= Anneliese Maier =

German historian of science (1905–1971)

Anneliese Maier (/de/; November 17, 1905 in Tübingen, Germany – December, 1971 in Rome, Italy) was a German historian of science particularly known for her work researching natural philosophy in the middle ages.

== Biography ==
Anneliese Maier was the daughter of the philosopher Heinrich Maier (1876–1933). She studied natural sciences and philosophy from 1923 to 1926 at the universities in Berlin and Zurich. In 1930 she finished her dissertation on Immanuel Kant (Kants Qualitätskategorien). She then worked for the Prussian Academy of Sciences. In 1936 she moved to Rome. There she worked until 1945 at the Biblioteca Apostolica Vaticana on the philosophy of nature.

According to E. J. Dijksterhuis, the path of the influence of Oresme through James of St. Martinus was found by Maier: "The fourteenth-century treatise De Latitudinibus formarum which, omitting all the speculative elements, gives a summary of the purely mathematical part of Oresme's own work, was very widely diffused, first in manuscript and later in print, and as Auctor de latitudinibus the anonymous author became better known than Oresme himself. Through later researches by Miss A. Maier, the identity of this Auctor has meanwhile been established: the man who ensured the survival of Oresme's methods was an Italian Augustinian hermit, James of St. Martinus, also called James of Naples."

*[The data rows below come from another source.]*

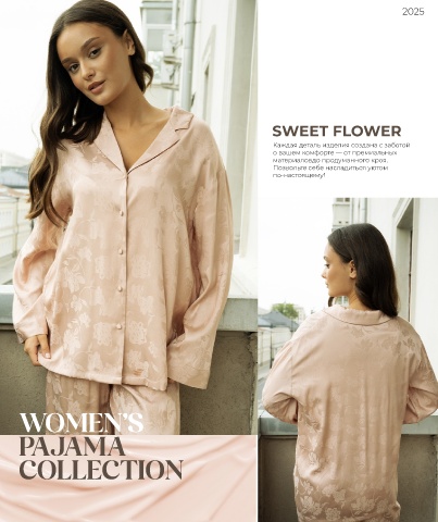 2025 SWEET FLOWER Каждая деталь изделия создана с заботой о вашем комфорте — от премиальных материаловдо продуманного кроя. Позвольте себе насладиться уютом по-настоящему! W OM EN’S PAJAM A COLLECTION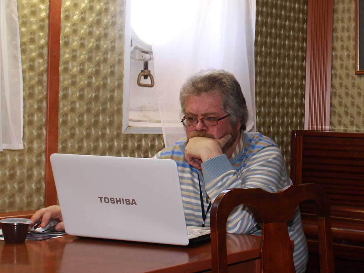 Чтения на ледоколе "Красин". 30 апреля 2015 года. Сергей готовится к докладу.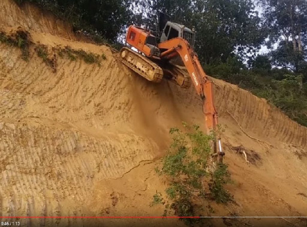 動画はマレーシアのサバ州で撮影されたという、油圧ショベル(ショベルカー)を使ったカースタント映像。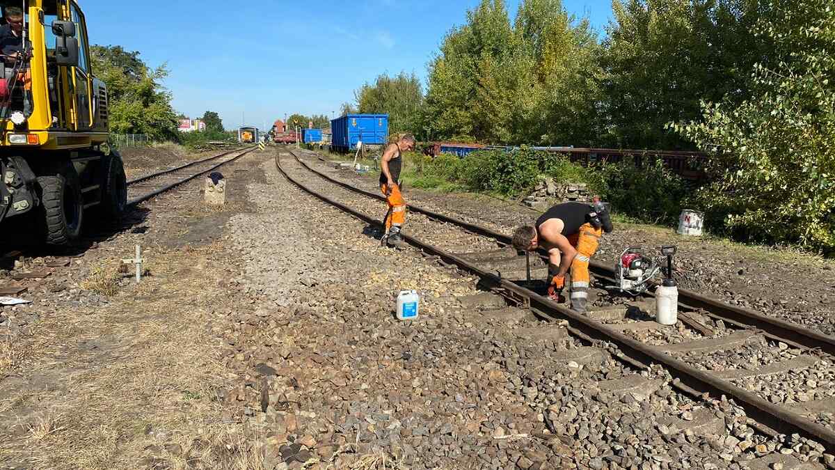 Kontinuierlich arbeiten wir an der Erhaltung unserer Gleisanlagen. Denn was nützt das schönste Museum, wenn man die Fahrzeuge darin nicht sicher bewegen kann. Diesmal wurden Arbeiten auf der sogenannten Magdeburger Bahnhofseite durchgeführt. Dabei wurden von einer Gleisbaufirma viele Schwellen aus Holz gegen solche aus Beton getauscht. Außerdem wurden Reste von Weichen ausgebaut, die nicht mehr benötigt werden.

In 1951 Maier became a professor at the University of Cologne. She became a member of the Academies of Sciences in Mainz (1949), Göttingen (1962) and Munich (1966). In 1966 she received the George Sarton Medal for her profound studies on the history of natural philosophy in the Middle Ages.

The Alexander von Humboldt Foundation has named a research grant after her, the Anneliese Maier Research Award, which is a "collaboration award to promote the internationalisation of the humanities and social sciences in Germany."

==Selected works==

- 1982: On the Threshold of Exact Science: Selected Writings of Anneliese Maier on Late Medieval Natural Philosophy, Steven D. Sargent, editor and translator, University of Pennsylvania Press.
- 1930: Kants Qualitätskategorien
- 1938: Die Mechanisierung des Weltbildes im 17. Jahrhundert
- Studien zur Naturphilosophie der Spätscholastik, 5 parts, 1949–1958.
  - 1949: Die Vorläufer Galileis im 14. Jahrhundert
  - 1951: Zwei Grundprobleme der scholastischen Naturphilosophie
  - 1952: An der Grenze von Scholastik und Naturwissenschaft
  - 1955: Metaphysische Hintergründe der spätscholastischen Naturphilosophie
  - 1958: Zwischen Philosophie und Mechanik. Studien zur Naturphilosophie der Spätscholastik
- 1964-1977: Ausgehendes Mittelalter: Gesammelte Aufsätze zur Geistesgeschichte des 14. Jahrhunderts, 3 volumes.